We and animals learn in two stages. At the first, the task is divided into several steps, which we gradually learn to perform. In the case of, for example, cycling, we pick up the steering wheel (and try to keep it level), then we put our feet on the pedals, and then we start to rotate them. At first, this sequence of actions requires our full concentration, but over time, the "unconscious" part of learning begins, when we learn to drive better and better, simply by repeating all the above actions. The same thing happens with language learning: first we concentrate on pronunciation and meaning individual words, then speech becomes more and more fluent, and, in the end, we can say “good afternoon” on the machine, without thinking about how and what we say.
Researchers from (USA) decided to find out which of the stages of learning needs a speech gene FOXP2. In the experiment, normal mice and mice with the human gene had to find their way through a maze to get a treat. The “humanized” animals were quicker to understand which route would be faster to get to food, however, when the maze was organized so that the stages of learning could be separated and observed separately from each other, there was no difference between the mice.
Then a hypothesis arose that the speech gene helps to switch between different phases of learning. Further experiments, described in an article in the Proceedings of the National Academy of Sciences, confirmed this assumption: mice that mastered the step-by-step task stage switched to the repetition learning phase faster if human FOXP2 was introduced into their genome. The effect could also be seen at the cellular level: in the striatum, different zones are responsible for different stages of learning, and the one that was responsible for learning by repetition was activated more efficiently in mice with the human gene.

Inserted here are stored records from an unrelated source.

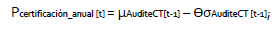 Así, al aplicar la transformación Z del Índice AuditeCT se llega a un valor crítico de certificación mediante la siguiente expresión: Pcertificación_anual=
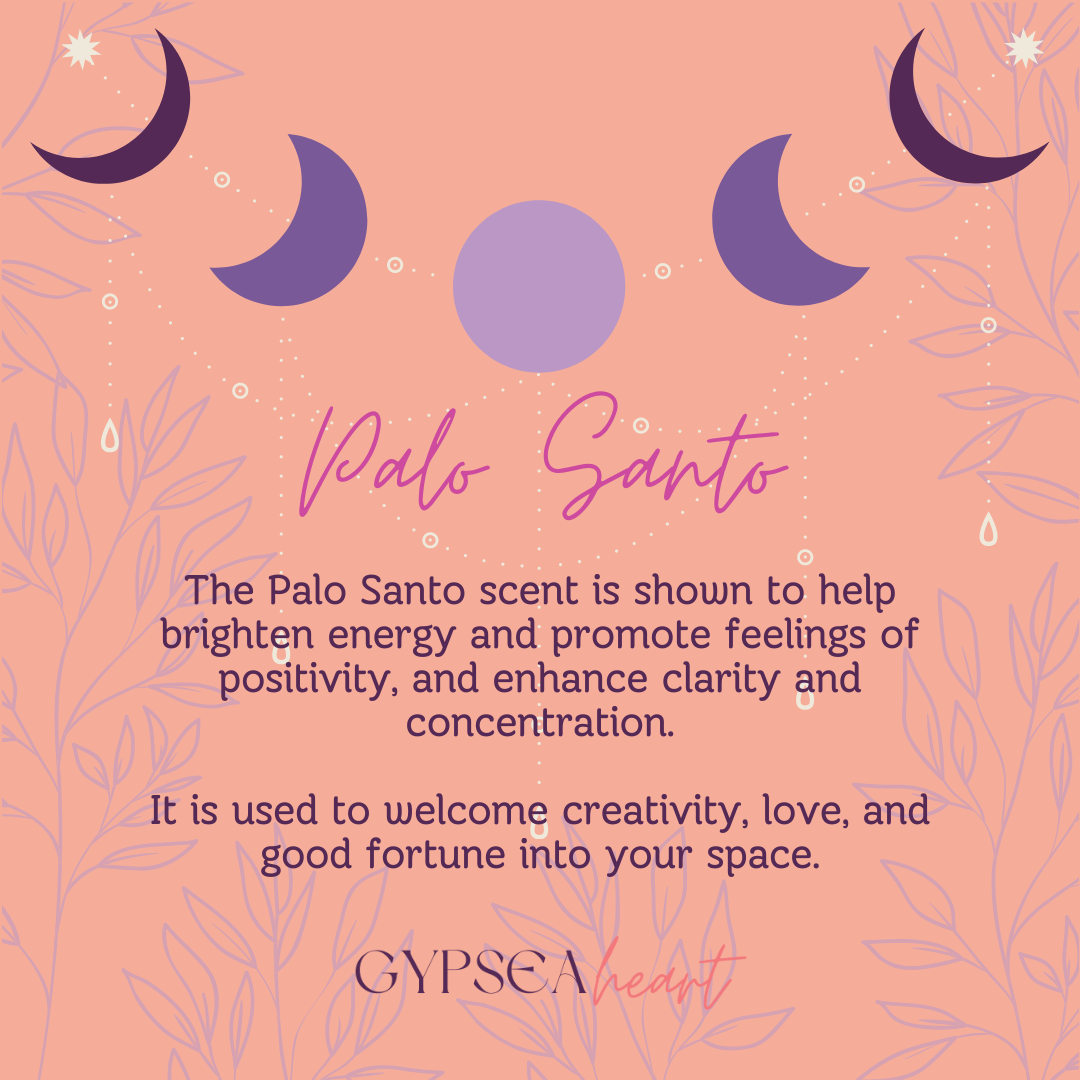 The Palo Santo scent is shown to help brighten energy and promote feelings of positivity, and enhance clarity and concentration.
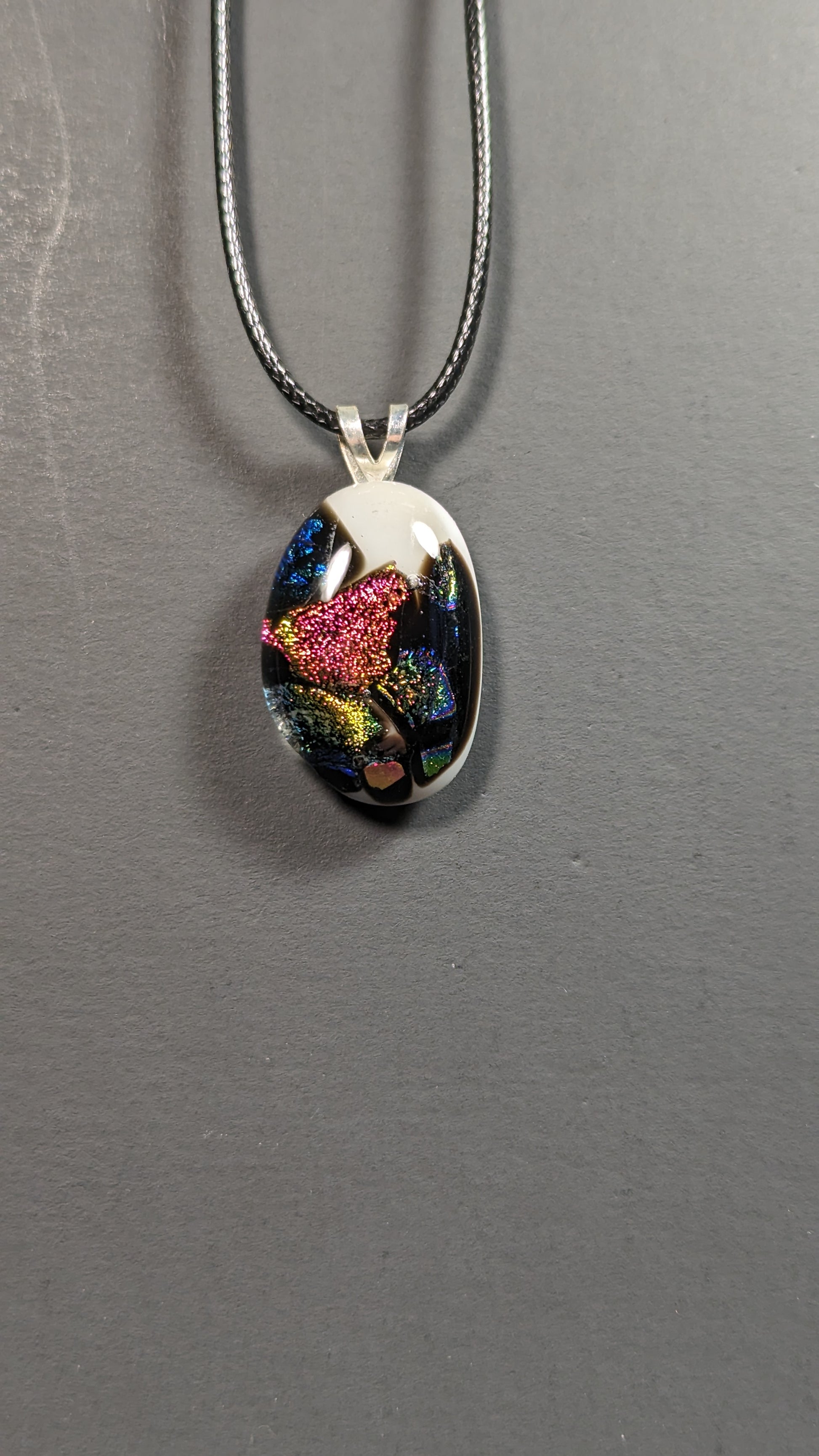 Glass pendant made from fused glass sheets coated in dichro, basic colored glass and clear glass which is sandwiched+fused inside a kiln. Loop is metal and adhered by glue. Pendant is roughly the size of a nickel.

That is, we can say that the human version of the gene FOXP2(which is believed to have arisen about 200 thousand years ago) revealed to our ancestors learning by repetition - a person could not only pronounce a word and understand its meaning, but the reproduction of this word became automatic. The increased possibilities of communication in the collective helped separate individuals to survive, so that a new version gene has an evolutionary advantage. However, it is unlikely that the development of speech in humans occurred “by the will” of only one gene. Obviously, a whole genetic network is involved here, in which FOXP2 is just one of the links. So, a year ago, researchers from the Johns Hopkins University School of Medicine (USA) published an article in which they described dependent on FOXP2 gene SRPX2, which controls the dynamics of interneuronal connections in the speech center of the brain. It should also be noted that in the described experiments with the gene FOXP2 the ability of mice to learn in general was evaluated, so it is likely that this gene in humans may be related not only to speech abilities.